Heart Quest
I’m always surprised when an author can work so totally for me in one book or series and completely leave me behind when it comes to another. When the Heartmates series began, Ms. Owens was publishing with a small press but I sought the books out because they sounded like something I’d enjoy. Not so much. Years later the author began a new series (Summoning – Guardian of Honor, Sorceress of Faith) with Harlequin Luna and again I picked up the first, this time because just about everything I’d read from Luna had been a hit. And that pattern continued with Guardian of Honor. I loved it. So, thinking that Ms. Owens and I were now in sync, I requested the latest in the HeartMates series to review. My plan didn’t work, and this book didn’t work on a number of levels.
Black Ilex Winterberry is a Guardsman working in the primary city of Celta, Druida City. Recently he’s been assigned to the Noble Houses to search for a murderer who is preying on lesser nobles. The murdered bodies all have one thing in common: their hearts have been removed without the body being cut open. Each of the nobles had strong, but unstable, Flair psi powers and Ilex is determined to catch the killer before his Heartmate, Trif, is endangered.
Trif Clover spends her days working in her parents’ furniture shop. Though she loves her family she’d rather be playing her music, improving her unstable Flair abilities or, most importantly, searching for her HeartMate. When Guardsman Ilex finds her going door-to-door trying to find her one and only love, he asks her to stop the search for the time being. Trif agrees because she knows that there have been several murders and because Ilex promises to help her with her Flair attempts to teleport herself from place to place. She doesn’t know that Ilex is her HeartMate and he plans to keep it that way.

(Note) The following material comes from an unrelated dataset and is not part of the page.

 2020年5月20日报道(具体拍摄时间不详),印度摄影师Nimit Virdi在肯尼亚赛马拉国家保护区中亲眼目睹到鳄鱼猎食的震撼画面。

This is the fourth book in this series set in Celta, and I had a very hard time with it initially (and this even though I;d already read part of the series). It’s not that the plot is terribly complicated – it’s anything but – it’s that the world-building feels entirely too much like fanfiction to me. Ms. Owens has gotten away from the use of the apostrophe in her protagonists names – though many of the stars of previous novels show up with that dreaded puntuation mark in their names, e.g. T’Holly, GrandLady D’Grove, Lady D’Blackthorn, Danith D’Ash, need I go on? But in so many ways the language and storytelling struck me as SF/Fantasy light. Trif gains a FamCat (a cat who can communicate with her telepathically) and it’s the cutest, spunkiest cat there is. Which sort of describes Trif as well.
Silliness aside, my biggest stumbling block was the tortured Ilex. He doesn’t want Trif to know that he’s her HeartMate because he once had a vision of himself lying on the floor with blood all around his head. I get that if he dies his HeartMate will probably do so as well, but his evidence for this “future” seems a little slim. And even if it weren’t, I didn’t love hearing about it over and over again. For about 200 pages this book simply dragged. Ilex finds a dead body or two, questions some people and warns Trif to be careful all while silently pining and agonizing over her. Trif bops around and tries to find her HeartMate. And that’s about it. When the actual danger gets closer to Trif and more is revealed the book finally picked up the pace.
Robin Owens has become a quite accomplished author of Fantasy romance. Her Luna series is evidence of that. I just wish more of that skill had been apparent in this series.